I have tried everything that worked to get me out of depression before; meditation, creative visualisation, laughter therapy, exercise regimes, etc. and none of it has worked this time. I even lost 25 kilo getting extremely fit & running half marathons but darkness just descended each time I finished running. Now Ive put 35 kilo back on.
I think too much treatment focus is on the short episodes of depression rather than the chronic sufferers. Like just about all Western medicine, we are pretty good at saving lives, but not so great at long-term health. I think many doctors are satisfied with stopping suicides but not as concerned about long term depression. And they dont see all the pain caused to family too.
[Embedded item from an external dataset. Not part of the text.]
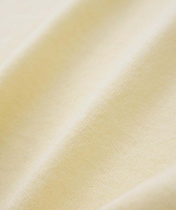 しなやかなカシミヤとなめらかな超長綿をブレンドしたコットンカシミヤ素材を使用。ふんわりやわらかな風合いと軽やかな着心地が魅力です。自宅で手洗いできるので、お手入れも簡単。

I was in a relationship with john and we loved and cherished ourselves for 3 good years and every thing was going on smoothly but August 12, 2011 a day I can call a lovers day we both had misunderstanding because I answered a call from a guy that is asking me out for a date but I refused, and he told me that the relationship is over and that he is fed up with me and I begged him because I love him so much but he refused me I was so down cast and I felt the world has come to an end for me but my friend told me about a spell caster that helped her sister out in getting her relationship back, a good job and favor in any of her endeavor but at first I was scared but I have to give this man a trial because I love john very much and I am not willing to loose him to any woman, so I ordered returning my love spell from this great spell caster that make me a happy woman again to say it all my ex came back to me with much love and a caring heart...i am testifying to this great spell caster Dr sambol spell temple. if you need his help you can contact him on firstname.lastname@example.org
my husband has had depression for some 10 years now. At first he used to be very short tempered and flare up at the smallest family issues. Now he is on medication and he can control his temper much better. He just feels very down at times , no energy and sleeps a lot. He was on stress leave and off work last year but is happy at work now . So my situation is not at all bad as some of the stories I have read in this column.
I like to say how grateful I feel to all the people who have written on this post. From reading their posts I have finally understood what depression is and what my husband goes through. I feel I have not exactly been very supportive of him.After reading some of these stories I have realised how wrong I was in not accepting his condition and putting pressure on him to "snap" out of it. On his on accord he keeps himself motivated by developing interest in sports, gardening and excercise. When he is positive, loving and energetic and fun to be with, I take him for granted. thinking he is normal again and can handle any nagging or criticism I throw at him. Instead of encouraging him and overlooking some small mistakes he makes , I would be critical and bring his self esteem down. Then he would go down again for weeks. I wish I had come across this site earlier as I would not have made so many mistakes in our relationship and understanding this illness. I thought I understood depression but I think for the first time in so many years, I really understand it ,and come to accept it. OMG I have been such a fool. I oh so want to be a loving and caring wife now and make ammends. My husband is wonderful , I have not exactly been a dragon of a wife but I know now how to ammend some of the mistakes I have made. I am so lucky compared to other wifes who are going through hell. I know what I need to do now. Praise my husband when he does something good, stop being negative and critical and understand him more when he feels down. Thank you , you have saved my marraige and my life.